Twitch Is Helping Build Games An Audience Can Play Too

Twitch Is Helping Build Games An Audience Can Play Too

Twitch, long a service for people watching video games, is getting more active in the process of making them, teaming up with a number of studios to help develop titles built with streaming as part of the game. It's doing this by launching two things: Developer Success (a program of working with devs) and Stream First, which is tech that allows studios to build Twitch into their games for what sounds like some very interesting stuff.

Essentially, it's an official platform for stuff like the "Twitch plays..." series of games fans have been trying on their own over the past year or so.

Here are the important parts from the press release announcement:

Stream First games are designed from the ground up for the live streamed experience. By enabling broadcasters and their audiences to play together in innovative ways, it turns traditional gameplay video streams into cooperative community experiences.

"In the last few years, we have seen a great deal of creativity in online interaction methods from the Twitch community, including Twitch Plays games, channel loyalty currencies, and subscriber tournaments, among many others," said Brooke Van Dusen, Director of Game Developer Success, Twitch. "However, these systems have always been external to the games broadcasters are playing. Stream First games by nature embrace these developments, incorporate features inspired by these creative concepts of Twitch community interaction, and bring about an entirely new genre of video games."

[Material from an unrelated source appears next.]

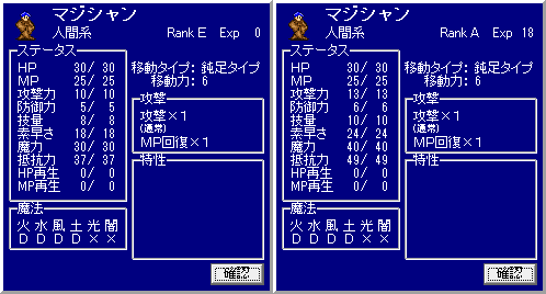 -  マジシャン系最下級ユニット。Dランクだが火水風土の系統が使えるので、後衛兼状態異常回復役くらいには使える。
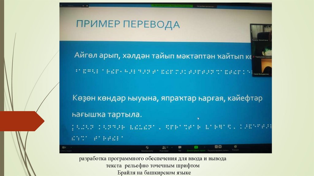 разработка программного обеспечения для ввода и вывода текстарельефно точечным шрифтом Брайля на башкирском языке

Twitch is showing off three games at GDC that are being built with this tech. One is Superfight, an adaptation of the card game that has you battling (and bullshitting) with superpowers.

Another is Streamline:

Streamline is a fast-paced, arena-based game that allows a broadcaster to quickly create a party for up to 15 of their viewers and immediately jump into one of several game modes, such as a fast-paced game of cat and mouse, with the broadcaster as a Hunter chasing down the other players as Runners or a stream versus stream team game pitting the broadcasters and their communities against one another. Meanwhile, the other Viewers can bet on or sponsor Runners, vote to change the rules of the game, and play mini-games driven by the on-stream action for rewards and recognition using a web browser or a mobile device. This unique second screen experience allows the broadcaster and viewers to interact in a natural and lag-free way and keep the channel conversation flowing without being interrupted by "chat commands".

And the third is Wastelanders:

Wastelanders is a turn-based strategy game built for Twitch, where both broadcasters and viewers play in a live stream. Broadcasters take on the role of a Warlord in a post-apocalyptic wasteland, and lead their viewers in battle against another broadcaster-led team. By watching the stream and chatting, viewers can control warriors on the battlefield, set bounties on opposition Warriors, place land mines, and alter the battle in other fun and surprising ways. With Wastelanders, broadcasters have a new way to interact with their followers as viewers become players on their team. Broadcasters can reward their most loyal followers and subscribers with more chances to play and gain game experience. Wastelanders is in the very early stages of development at Schell Games, led by veteran game designer Jesse Schell, and located across the river from beautiful downtown Pittsburgh.

All three games are at GDC, so expect to see/hear about them as the week goes on.


Comments

    They're going to develop games that have a black box for the streamers face that fills up 80% of the screen!

    It's interesting that Rise of the Tomb Raider wasn't mentioned here. It wasn't a huge addition to the game and it fell flat but it's pretty significant move in that a big name game had Twitch audience participation built in, going as far as to offer viewers rewards in their own copy of the game.

      ...what?

        They replaced the multiplayer with challenge mode, and in challenge mode you can use unlockable cards to put in GoldenEye style effects (enemy rockets, big heads, etc). Normally you assign those cards before starting your challenge to score bonus points or make things easier/harder, but when you stream on Twitch you have the option of letting the audience vote every few minutes on which card to use. You get bonus currency for doing this, and the people who vote somehow get bonus currency in their copy of the game.
        Or at least that's my limited understanding. I never actually used it myself but I stumbled on it and it sounded interesting.

    Great, now people can literally backseat a Streamer's cast instead of just typing about it. Honestly I don't see the draw here. Crowd controlled games are a novelty yes, but having crowd participation just seems like a normal multiplayer game with a chat interface. There are definitely ways that Twitch, or at least plugins for the Twitch interface enhance the viewer experience, but anything beyond that seems like you're better off just playing the game and connecting via multiplayer.

    Last edited 15/03/16 2:52 pm

      The title of this could have very well been 'Twitch has identified another potential way to make money off of videogames.'

      Honestly, this actually paints well-received stunts like the Pokemon thing in a negative light now.